Provided data>

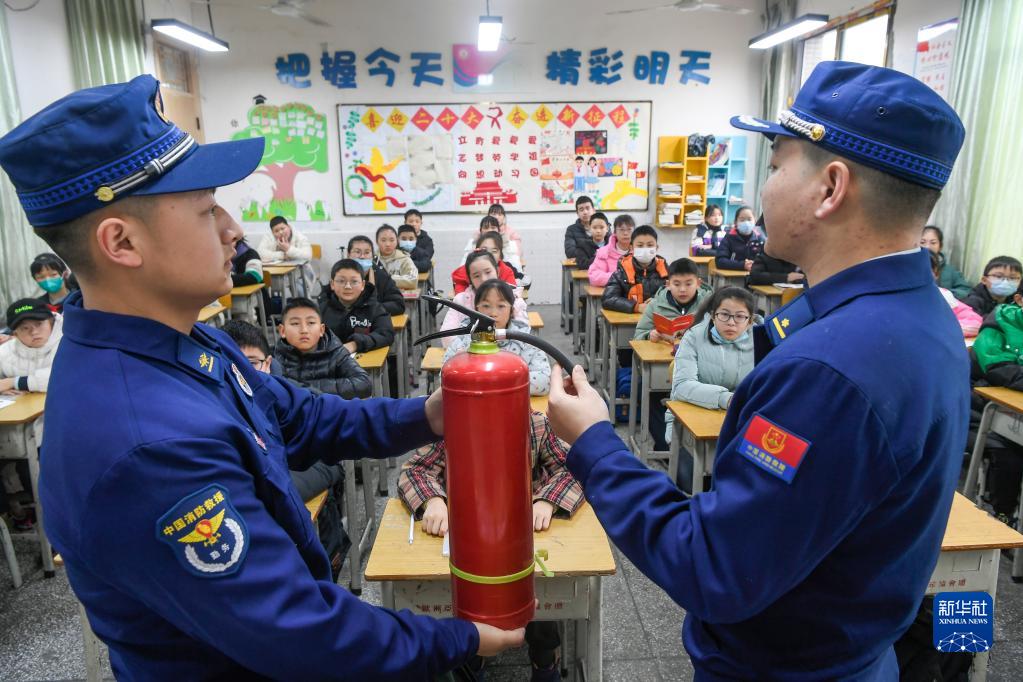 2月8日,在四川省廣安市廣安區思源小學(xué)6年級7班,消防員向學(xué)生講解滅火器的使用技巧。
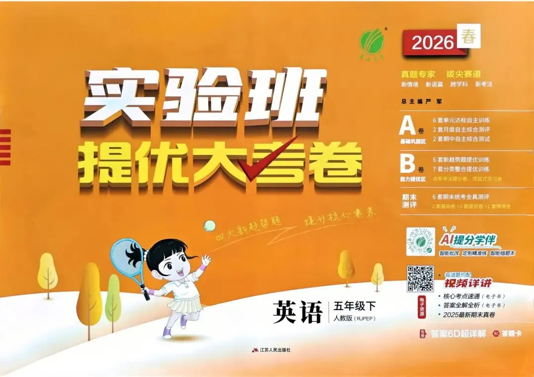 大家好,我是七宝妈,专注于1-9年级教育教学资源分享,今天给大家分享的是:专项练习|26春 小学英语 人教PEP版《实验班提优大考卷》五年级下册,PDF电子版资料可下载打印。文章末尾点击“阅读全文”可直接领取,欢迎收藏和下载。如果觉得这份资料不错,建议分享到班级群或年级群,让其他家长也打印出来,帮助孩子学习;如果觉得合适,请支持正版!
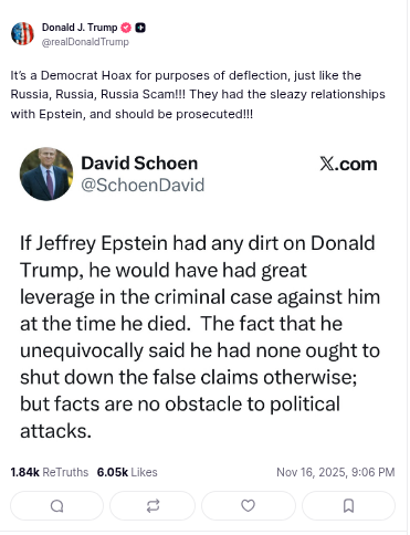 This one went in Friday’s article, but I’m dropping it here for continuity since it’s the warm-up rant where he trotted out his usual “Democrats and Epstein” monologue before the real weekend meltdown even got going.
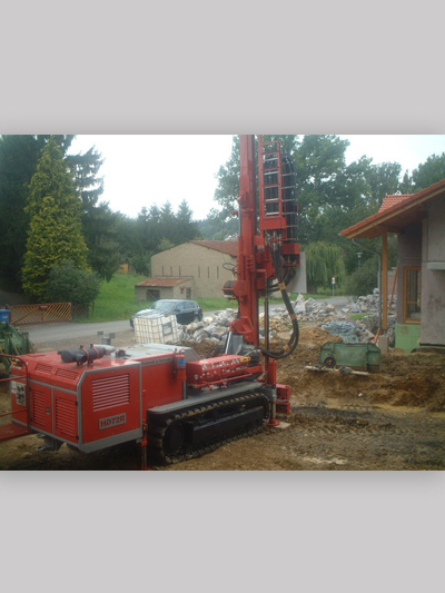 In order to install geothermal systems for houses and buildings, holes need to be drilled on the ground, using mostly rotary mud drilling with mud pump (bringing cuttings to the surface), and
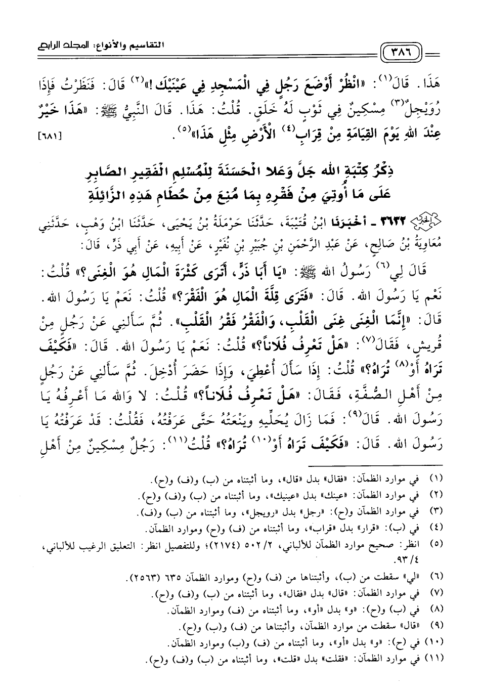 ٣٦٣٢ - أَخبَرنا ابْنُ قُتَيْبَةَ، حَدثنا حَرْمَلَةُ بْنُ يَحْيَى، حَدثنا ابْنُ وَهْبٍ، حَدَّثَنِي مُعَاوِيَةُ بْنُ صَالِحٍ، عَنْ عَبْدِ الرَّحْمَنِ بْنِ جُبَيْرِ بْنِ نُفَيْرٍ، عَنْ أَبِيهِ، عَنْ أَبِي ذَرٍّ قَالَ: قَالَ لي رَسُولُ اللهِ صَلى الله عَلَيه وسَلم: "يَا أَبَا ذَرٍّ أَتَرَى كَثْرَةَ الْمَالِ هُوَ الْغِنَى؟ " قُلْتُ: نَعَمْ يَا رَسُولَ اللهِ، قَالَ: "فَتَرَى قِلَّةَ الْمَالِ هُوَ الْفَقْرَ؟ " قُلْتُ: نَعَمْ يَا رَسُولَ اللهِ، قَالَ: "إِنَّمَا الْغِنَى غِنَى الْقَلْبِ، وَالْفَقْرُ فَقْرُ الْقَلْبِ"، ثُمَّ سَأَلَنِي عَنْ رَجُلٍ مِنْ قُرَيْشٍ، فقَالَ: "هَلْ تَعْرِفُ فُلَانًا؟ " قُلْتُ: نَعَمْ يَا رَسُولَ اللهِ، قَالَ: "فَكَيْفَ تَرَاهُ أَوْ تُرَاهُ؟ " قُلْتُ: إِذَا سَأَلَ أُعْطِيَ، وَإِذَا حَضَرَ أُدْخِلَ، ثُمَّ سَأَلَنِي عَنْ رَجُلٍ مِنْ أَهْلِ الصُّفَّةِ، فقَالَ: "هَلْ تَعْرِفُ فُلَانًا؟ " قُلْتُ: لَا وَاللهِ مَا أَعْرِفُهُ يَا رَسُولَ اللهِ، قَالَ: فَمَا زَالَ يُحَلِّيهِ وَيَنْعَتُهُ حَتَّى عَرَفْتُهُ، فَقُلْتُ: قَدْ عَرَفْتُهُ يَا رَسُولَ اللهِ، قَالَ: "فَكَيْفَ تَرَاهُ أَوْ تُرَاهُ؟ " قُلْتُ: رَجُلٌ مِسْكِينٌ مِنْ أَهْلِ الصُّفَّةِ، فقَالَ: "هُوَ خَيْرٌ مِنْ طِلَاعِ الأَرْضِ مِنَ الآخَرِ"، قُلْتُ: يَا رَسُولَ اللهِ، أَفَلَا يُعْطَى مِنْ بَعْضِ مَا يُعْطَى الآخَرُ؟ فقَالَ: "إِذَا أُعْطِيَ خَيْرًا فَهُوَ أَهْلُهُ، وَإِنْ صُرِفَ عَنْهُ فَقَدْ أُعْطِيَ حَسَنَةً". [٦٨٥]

* * *

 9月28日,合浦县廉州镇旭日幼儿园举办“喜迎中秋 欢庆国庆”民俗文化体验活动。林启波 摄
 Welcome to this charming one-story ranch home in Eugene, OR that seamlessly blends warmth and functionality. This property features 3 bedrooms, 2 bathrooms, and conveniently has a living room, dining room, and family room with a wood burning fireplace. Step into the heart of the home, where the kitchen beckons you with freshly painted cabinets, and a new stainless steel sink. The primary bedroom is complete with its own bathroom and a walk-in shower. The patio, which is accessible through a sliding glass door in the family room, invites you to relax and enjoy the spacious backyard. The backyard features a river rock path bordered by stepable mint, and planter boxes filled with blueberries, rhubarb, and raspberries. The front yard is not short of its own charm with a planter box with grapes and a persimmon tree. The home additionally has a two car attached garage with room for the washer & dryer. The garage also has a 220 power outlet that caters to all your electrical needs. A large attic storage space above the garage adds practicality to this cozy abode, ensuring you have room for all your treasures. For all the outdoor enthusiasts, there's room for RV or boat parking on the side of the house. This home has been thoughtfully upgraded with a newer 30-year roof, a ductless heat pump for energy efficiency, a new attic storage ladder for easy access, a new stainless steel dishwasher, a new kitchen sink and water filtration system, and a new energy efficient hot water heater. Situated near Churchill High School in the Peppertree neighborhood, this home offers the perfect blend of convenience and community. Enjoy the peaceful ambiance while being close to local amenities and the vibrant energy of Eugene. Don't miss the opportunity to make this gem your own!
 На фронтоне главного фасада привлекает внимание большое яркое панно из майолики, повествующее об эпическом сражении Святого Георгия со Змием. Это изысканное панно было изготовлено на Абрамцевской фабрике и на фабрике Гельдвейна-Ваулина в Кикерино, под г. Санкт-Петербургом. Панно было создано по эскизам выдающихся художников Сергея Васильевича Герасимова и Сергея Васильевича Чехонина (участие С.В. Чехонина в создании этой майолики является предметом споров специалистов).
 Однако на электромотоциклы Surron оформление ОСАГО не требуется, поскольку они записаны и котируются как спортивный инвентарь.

The problem> Could you repeat, exactly, only the lines above starting at the one that has "2月8日,在四川省廣安市廣安" and stopping after the one that has "In order to", without the pictures?

Exercise response>
 2月8日,在四川省廣安市廣安區思源小學(xué)6年級7班,消防員向學(xué)生講解滅火器的使用技巧。
 大家好,我是七宝妈,专注于1-9年级教育教学资源分享,今天给大家分享的是:专项练习|26春 小学英语 人教PEP版《实验班提优大考卷》五年级下册,PDF电子版资料可下载打印。文章末尾点击“阅读全文”可直接领取,欢迎收藏和下载。如果觉得这份资料不错,建议分享到班级群或年级群,让其他家长也打印出来,帮助孩子学习;如果觉得合适,请支持正版!
 This one went in Friday’s article, but I’m dropping it here for continuity since it’s the warm-up rant where he trotted out his usual “Democrats and Epstein” monologue before the real weekend meltdown even got going.
 In order to install geothermal systems for houses and buildings, holes need to be drilled on the ground, using mostly rotary mud drilling with mud pump (bringing cuttings to the surface), and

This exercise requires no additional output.